Out of the corner of his eye, Jack caught the gravediggers smirking at this. The boy couldn’t put his finger on it exactly, but he felt like something was very wrong here.
“Yes, we read about that in the local paper,” replied Dad. “A runaway bulldozer? Who would have thought it?”
“The good Lord moves in mysterious ways,” replied Reverend Hogg.
“You know what, Mr Vicar?” continued Mum. “I have been saying it to these two until I’ve gone blue in the face. And Jill at the cheese counter agrees.”
“So you work at a cheese counter?” enquired Reverend Hogg. “I thought I could smell Stilton.”
“Yes!” replied Mum. “One of our speciality cheeses. It’s such a beautiful aroma, isn’t it, Mr Vicar? Like perfume really.”
Dad rolled his eyes.
“Anyway, so Jill is of the same mind,” continued Mum again. “An old folk’s home would be the best place for him.”
Jack looked at his father and shook his head vigorously, but the man pretended not to notice his son.
“Is it a nice place?” asked Dad.
“Mr Bunting, I wouldn’t be recommending it if it wasn’t,” purred the vicar. “It’s better than nice. It’s like Disneyland for old people. The only problem is, it’s so popular…”
“Is it?” asked Dad, now also completely sucked in by the man’s patter.
“Yes, it’s very hard to get a place,” said Reverend Hogg.
“Well, that’s settled then,” said Jack. “He can’t go anyway.”
The vicar continued without pausing for breath. “Fortunately I know the matron who runs the place rather well. Lovely woman Miss Swine, and rather attractive I am sure you will agree when you meet her. If you wanted I could ask her if your dear old grandpa could jump the queue.”

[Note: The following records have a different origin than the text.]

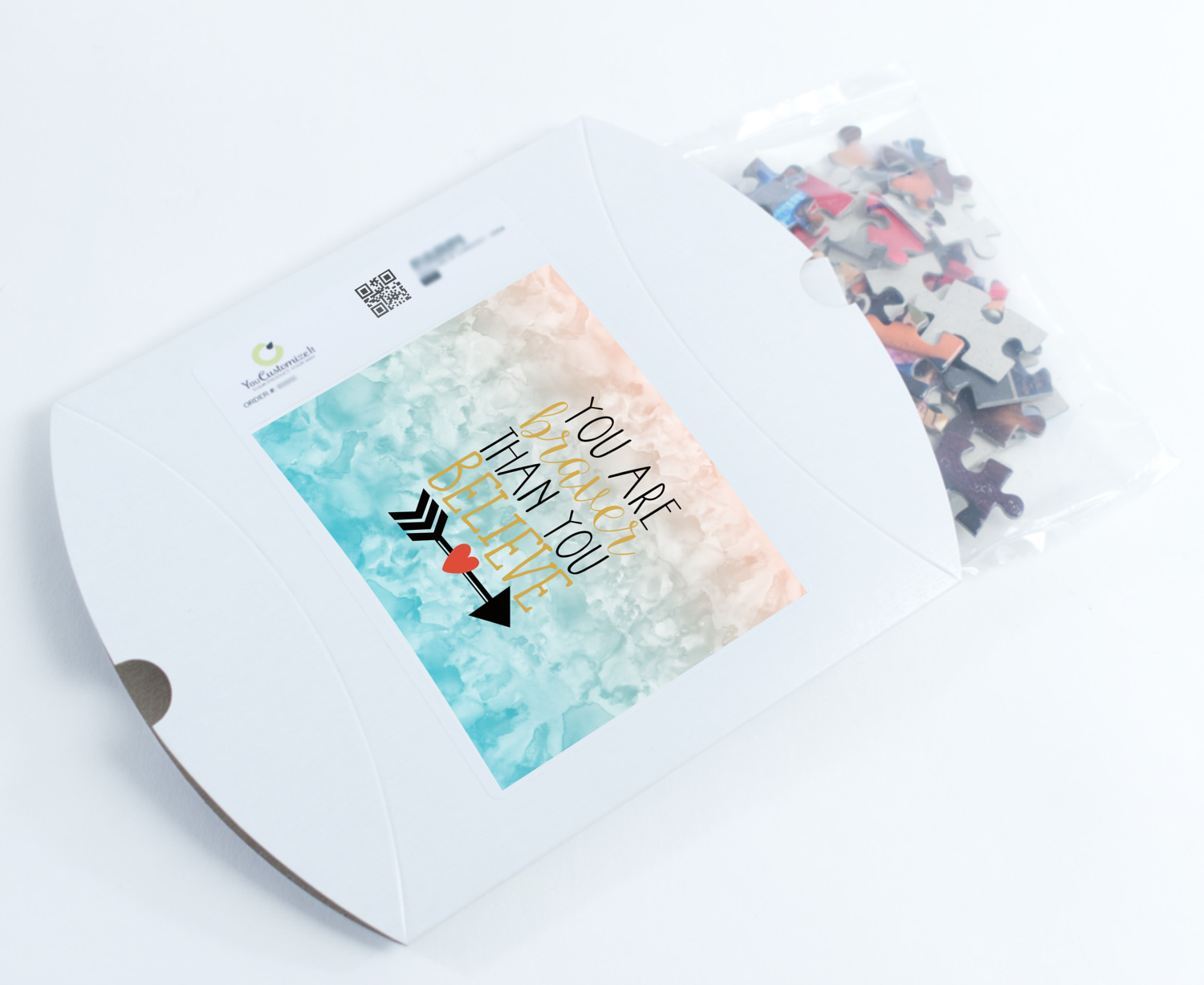 You can also upload your logo or art that you or your kids drew. To create more challenging jigsaw puzzles, you can create a pattern from with your logo or artwork. You can also add other elements such as text or personalization.
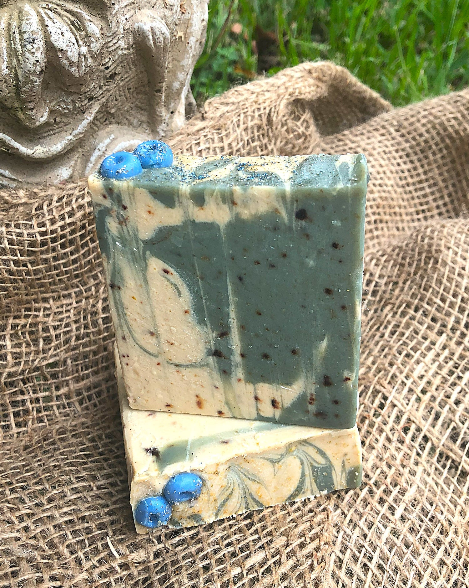 Made with fresh blueberries and local goat's milk, you're sure to love this soap! The blueberries provide a slight exfoliation while the goat's milk, shea butter, and cocoa butter act as natural moisturizers for your skin. With notes of blueberries, bergamot, lemon, and thyme, you will love this sweet and savory scented soap! $6
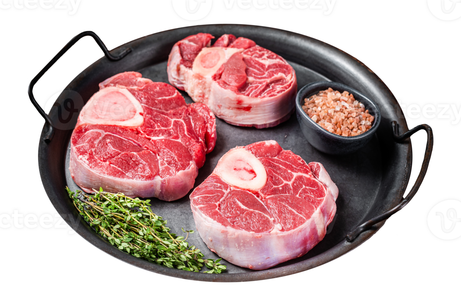 Raw Osso buco Veal shank steak meat Ossobuco in steel tray Dark
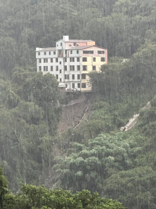 台湾南投县仁爱乡雨势惊人,其中庐山温泉区丽来温泉饭店地基掏空流失,有整栋倒塌风险,县府观光处指出,丽来饭店已经歇业,参与埔里福兴温泉区迁建计划,已无游客入住、无人上班。
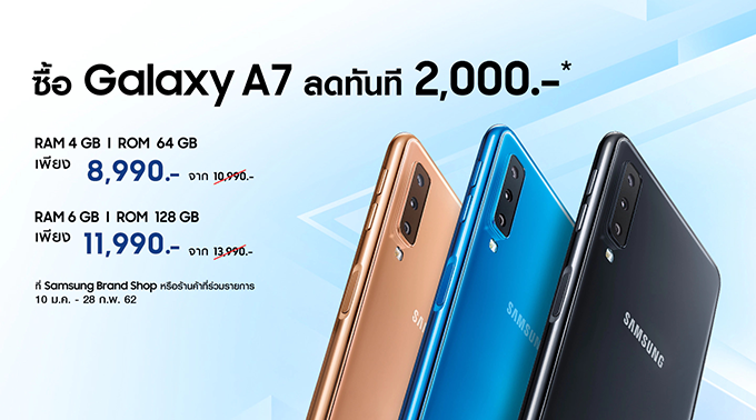 Galaxy Super Deal มอบข้อเสนอสุดพิเศษสำหรับ Samsung Galaxy A7 กล้องหลัง 3 ตัวพร้อมเลนส์ Ultra Wide รับส่วนลดทันที 2,000 บาท รุ่น 64GB เหลือเพียง 8,990 บาท จากราคาปกติ 10,990 และรุ่น 128GB เหลือเพียง 11,990 บาท จากราคาปกติ 13,990 บาท
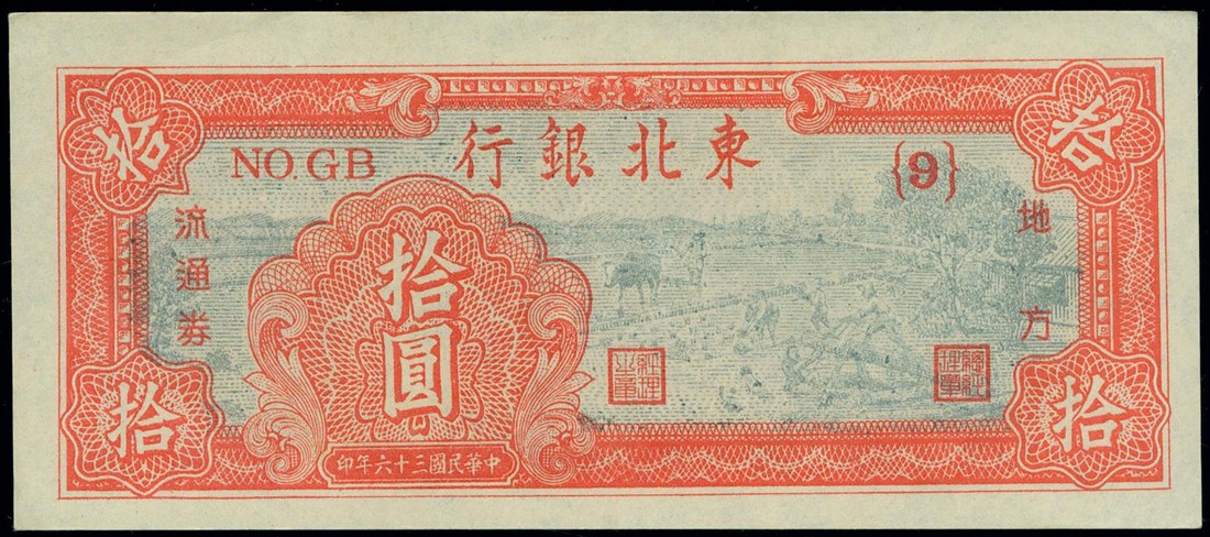 Tung Pei Bank of China, 10 yuan and 100 yuan, 1947, red/grey and red/yellow respectively
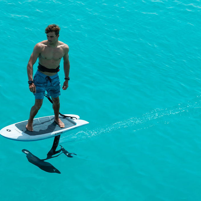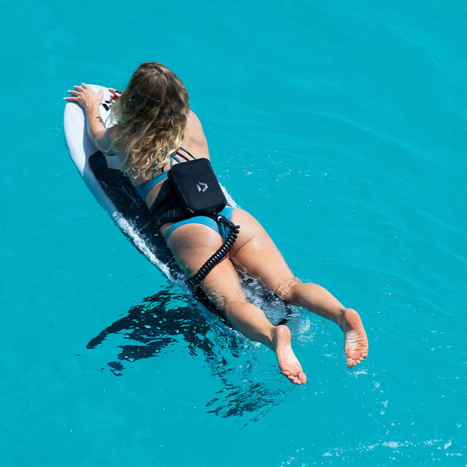 Le Foil Assist est alimenté par deux batteries compactes logées dans une boîte étanche fixée sur un eHarness léger (env. 3,76 kg). Cela permet de garder ta planche libre de poids supplémentaire et de traînée. Avec les batteries placées sur les hanches, la sensation naturelle et fluide du foil est préservée, tout en offrant une totale liberté de mouvement. L’eHarness est flottant et facile à retirer. Un câble longe proprement le leash plus court de la planche et relie les batteries à l’eMast. Le récepteur intégré dans la boîte à batterie assure une connexion stable et fiable entre la télécommande et le moteur tout au long de la session.

“That’s very kind of you, Mr Vicar,” said Mum.
“What’s this place called?” asked Dad.
“Twilight Towers,” replied Reverend Hogg. “It’s not far from here. Just on the edge of the moors. I could call Miss Swine now and ask one of my boys here to run him up there tonight, if you like…?” The vicar indicated his burly gang of gravediggers.
“That would save us the bother,” agreed Mum.
“NO!” protested Jack.
Dad tried to steer the family towards a middle ground. “Well, thank you so much, vicar, we’ll have a think about it.”
“No, we won’t!” protested Jack. “My grandpa’s never going into a home! NEVER!”
With that Dad started ushering his wife and son towards the car where Grandpa had been waiting patiently.